Por la noche, Polzer se cepillaba el traje y se planchaba los pantalones poniéndolos debajo de unos libros. Él quería tener aspecto de estudiante de familia burguesa, y no de hijo de tendero. Escondía las manos que estaban rojas y curtidas del trabajo en la tienda, costumbre que contribuía a dar impresión de inseguridad y torpeza, y que nunca consiguió abandonar. Cuando en casa de los padres de Karl algún desconocido preguntaba en voz baja al dueño de la casa quién era Franz Polzer, éste se ponía rojo de vergüenza. Por más que disimularan la pregunta y bajaran la voz, Franz Polzer, aunque no la oyera, la captaba con un finísimo oído interior.

Lo que más deseaba él era ser de buena familia. Mucho tiempo después, aún se ponía colorado si alguien le hacía preguntas sobre su procedencia, y contestaba con evasivas.

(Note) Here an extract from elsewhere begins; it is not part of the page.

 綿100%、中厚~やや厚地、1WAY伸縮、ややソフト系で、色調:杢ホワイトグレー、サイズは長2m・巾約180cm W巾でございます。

A veces mentía y decía que su padre era profesor o juez. Una vez afirmó, incluso, ser hijo de un fabricante. Pero al momento advirtió que su interlocutor le miraba atentamente el traje, y advirtió, avergonzado, lo modesto de su aspecto.

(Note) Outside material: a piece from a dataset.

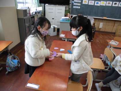 お店屋さん役とお客さん役に分かれ,楽しくやり取りできました。
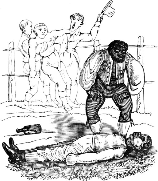 “My reason is,” replied Ned, “that they’re all as hard as nails—regular pebbles for game. They take more thrashing than their own corn, and that’s saying something. They’re all fortitude, and nothing else. Talk about punishment! nothing comes amiss to ’em, from butt-ends of whips and brickbats down to bludgeons loaded with lead. You can’t hurt their feelings. They’re jist like badgers, the more you welt ’em the more they grin, and when it’s over, maybe a turn-up at a cattle fair, or a stop by footpads, they’ll go home to their missises all over blood and wounds as cool and comfortable as cowcumbers, with holes in their heads enough to scarify a whole hospital of army surgeons.”

El padre de Karl Fanta se encargó de que Franz fuera a la universidad de la capital. Polzer iba con Karl. Él estudiaba Medicina y su amigo, Derecho. Polzer se alegró de marcharse de su casa, de perder de vista aquella tienda que le avergonzaba, de no tener que obedecer a su severo padre, de no ver la raya del pelo de la tía y de no tener que aguantar sus regaños. Un solo recuerdo se llevó de su casa, un recuerdo que siempre valoró más que nada en el mundo. El recuerdo de su madre, a la que casi no conoció. No obstante, él creía acordarse de ella, del día en que, poco antes de morir, ella hizo que se lo llevaran a la cama, donde ella estaba con todo el pelo suelto. Ella lo abrazó y le humedeció el pelo con sus lágrimas. Este recuerdo siempre le producía un calorcillo en el corazón. Él, para huir del odio de su tía, se refugiaba en el amor a su madre, el cual crecía a medida que iba en aumento la inquina hacia la tía.

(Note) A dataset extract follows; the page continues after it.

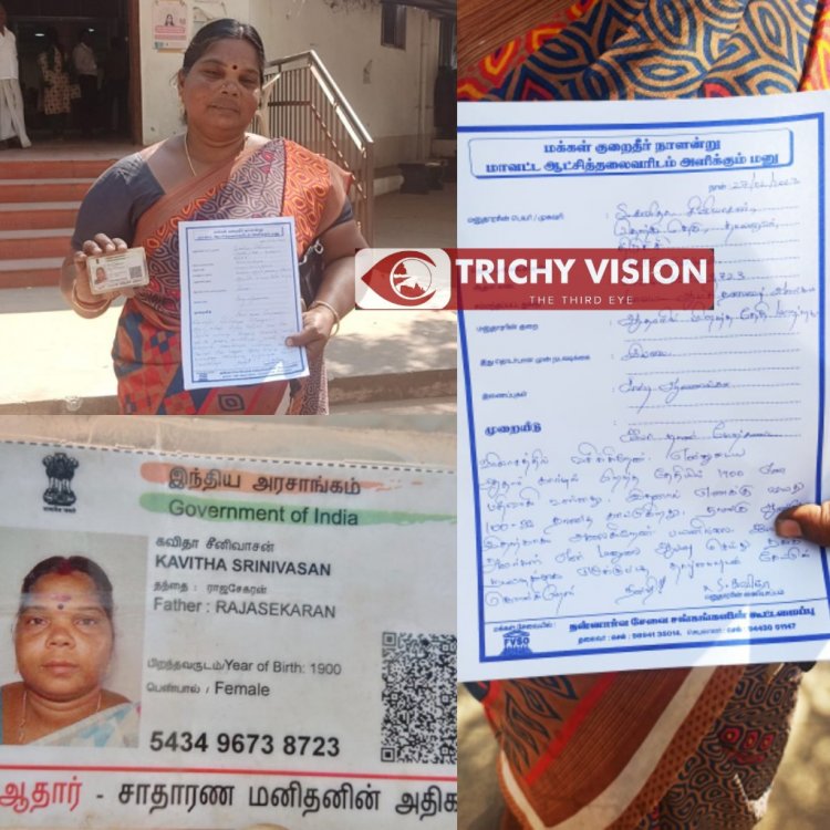 திருச்சி மாவட்ட ஆட்சியர் அலுவலகத்தில் இன்று நடைபெற்ற குறைதீர்க்கும் நாள் கூட்டத்தில் தாயனூரைச் சேர்ந்த கவிதா மனு அளித்தார். அந்த மனுவில் தனது வாக்காளர் அடையாள அட்டையில் 03.05.1982 என எனது பிறந்த தேதி குறிப்பிட்டுள்ளது. ஆனால் ஆதார் கார்டில் பிறந்த தேதியில் 1900 என வருடம் பதிவாகியுள்ளது.

La amistad entre Polzer y Karl era tan íntima como pueda serlo una relación entre dos personas jóvenes de la misma edad. Polzer se alegraba de poder vivir al lado de aquel apuesto muchacho, cuyo aplomo y buen carácter él admiraba casi tanto como la distinción de su figura. Karl siempre se mostraba amigable, y para Polzer era una necesidad adelantarse a los deseos de Karl. Él se encargaba de llevar la ropa a lavar y vigilaba que no hubiera ni la más pequeña mancha en los trajes de Karl. Karl tenía el pelo negro y sedoso. A pesar de su amistad y confianza, a veces Polzer percibía en Karl cierto desapego interior. Él ansiaba una pequeña muestra de afecto, como aquellos besos de su infancia. Pero este deseo no fue satisfecho.

En la universidad elogiaban la laboriosidad y la inteligencia de Polzer. Superó las pruebas de acceso con excelentes resultados. Entonces Karl enfermó y los médicos lo enviaron al Sur por un año. Polzer, apartado de su rico amigo, fue incapaz de seguir estudiando y tuvo que darse por satisfecho con que el padre de Karl le proporcionara un empleo en el Banco.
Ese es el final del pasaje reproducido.